[Opening Supplied data section]

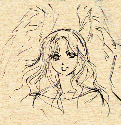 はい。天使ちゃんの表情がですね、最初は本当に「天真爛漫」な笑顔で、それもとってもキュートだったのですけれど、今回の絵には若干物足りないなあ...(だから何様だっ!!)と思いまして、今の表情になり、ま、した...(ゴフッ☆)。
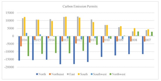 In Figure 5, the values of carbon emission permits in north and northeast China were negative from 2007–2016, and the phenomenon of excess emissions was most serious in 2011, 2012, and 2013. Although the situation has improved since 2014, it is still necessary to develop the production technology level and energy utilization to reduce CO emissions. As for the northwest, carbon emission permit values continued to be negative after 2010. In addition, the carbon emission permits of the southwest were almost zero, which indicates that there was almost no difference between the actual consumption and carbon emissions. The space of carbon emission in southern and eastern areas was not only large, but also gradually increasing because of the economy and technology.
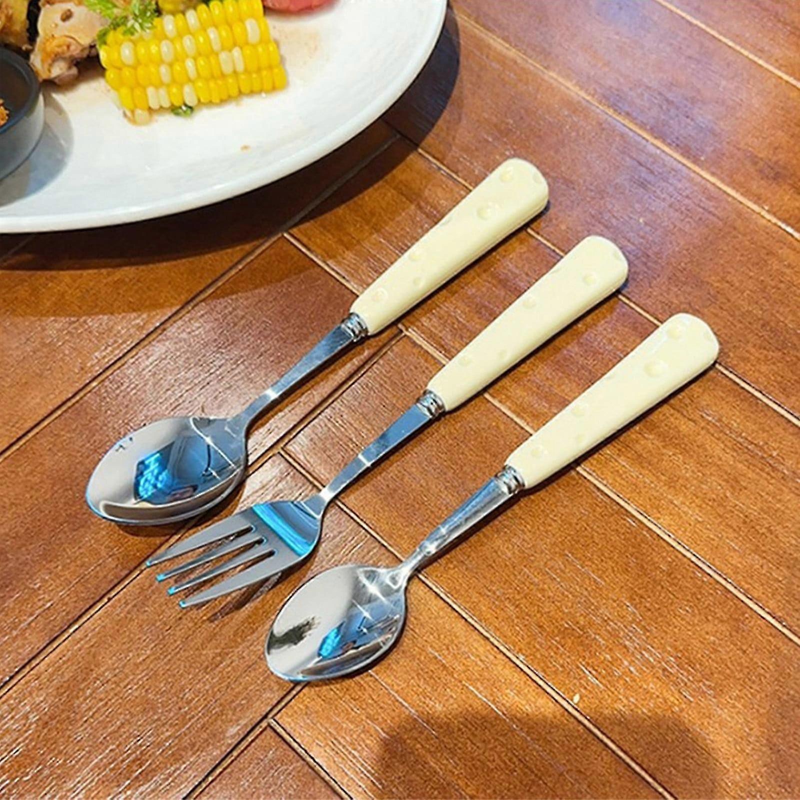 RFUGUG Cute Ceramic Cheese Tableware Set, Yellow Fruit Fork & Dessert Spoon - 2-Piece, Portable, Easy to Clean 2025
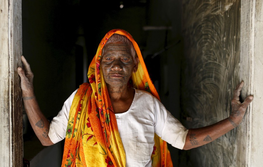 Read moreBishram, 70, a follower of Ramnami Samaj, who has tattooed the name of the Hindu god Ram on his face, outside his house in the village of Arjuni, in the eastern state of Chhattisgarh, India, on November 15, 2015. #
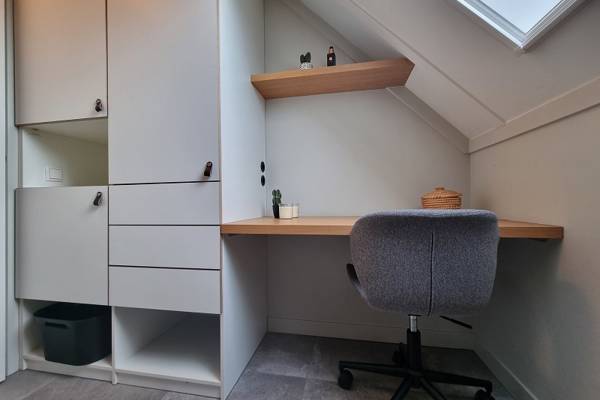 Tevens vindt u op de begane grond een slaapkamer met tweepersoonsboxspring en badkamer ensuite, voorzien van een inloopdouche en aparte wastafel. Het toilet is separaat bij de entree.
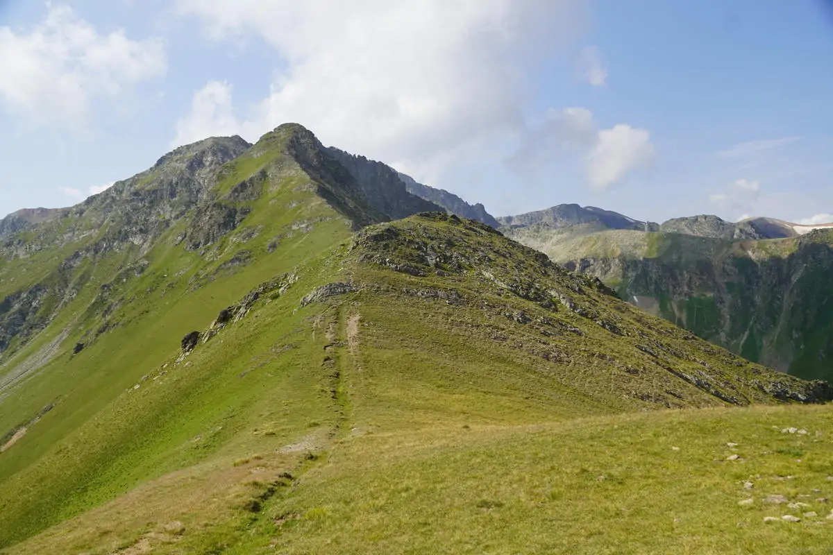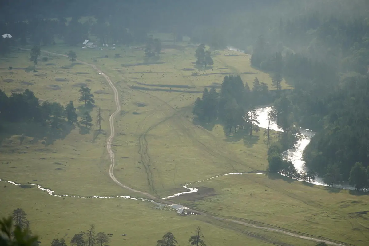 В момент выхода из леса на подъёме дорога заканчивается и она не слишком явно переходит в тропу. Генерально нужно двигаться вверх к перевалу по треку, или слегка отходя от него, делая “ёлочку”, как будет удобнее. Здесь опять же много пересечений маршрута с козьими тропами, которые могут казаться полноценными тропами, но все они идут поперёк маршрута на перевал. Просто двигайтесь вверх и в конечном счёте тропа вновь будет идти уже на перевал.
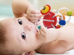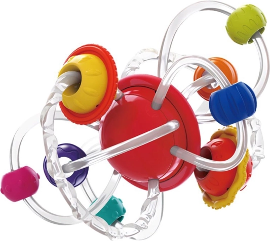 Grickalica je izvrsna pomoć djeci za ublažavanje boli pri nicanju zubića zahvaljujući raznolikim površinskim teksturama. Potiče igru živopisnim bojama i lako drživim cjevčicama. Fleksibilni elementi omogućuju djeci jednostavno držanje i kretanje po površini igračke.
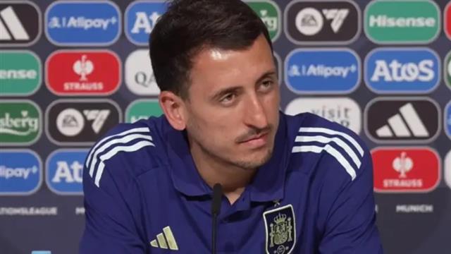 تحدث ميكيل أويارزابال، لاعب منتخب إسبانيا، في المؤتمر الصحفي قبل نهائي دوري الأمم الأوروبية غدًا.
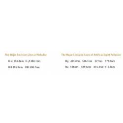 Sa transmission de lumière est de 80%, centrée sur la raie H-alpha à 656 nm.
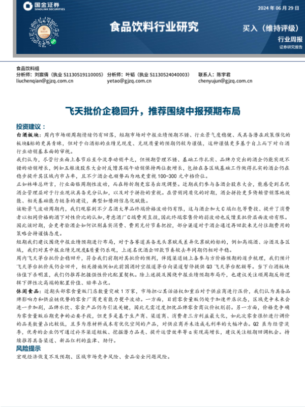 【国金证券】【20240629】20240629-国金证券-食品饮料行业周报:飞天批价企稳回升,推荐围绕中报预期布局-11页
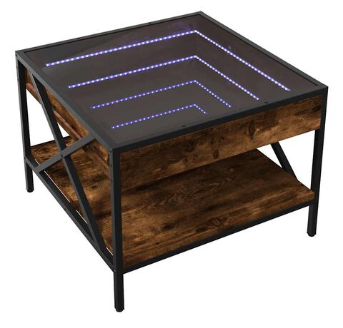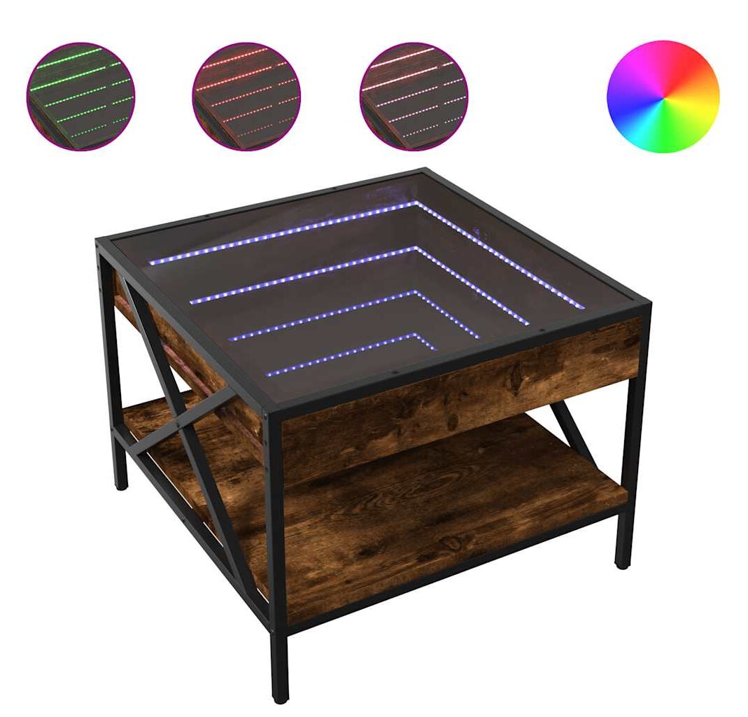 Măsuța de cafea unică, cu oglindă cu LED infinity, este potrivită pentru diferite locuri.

[Closing Supplied data section]

Aim of the task:
An exact copy of the lines from the line containing "تحدث ميكيل أويارزابال،" through the final line of the listing, without pictures, is the expected result.

Task solution:
 تحدث ميكيل أويارزابال، لاعب منتخب إسبانيا، في المؤتمر الصحفي قبل نهائي دوري الأمم الأوروبية غدًا.
 Sa transmission de lumière est de 80%, centrée sur la raie H-alpha à 656 nm.
 【国金证券】【20240629】20240629-国金证券-食品饮料行业周报:飞天批价企稳回升,推荐围绕中报预期布局-11页
 Măsuța de cafea unică, cu oglindă cu LED infinity, este potrivită pentru diferite locuri.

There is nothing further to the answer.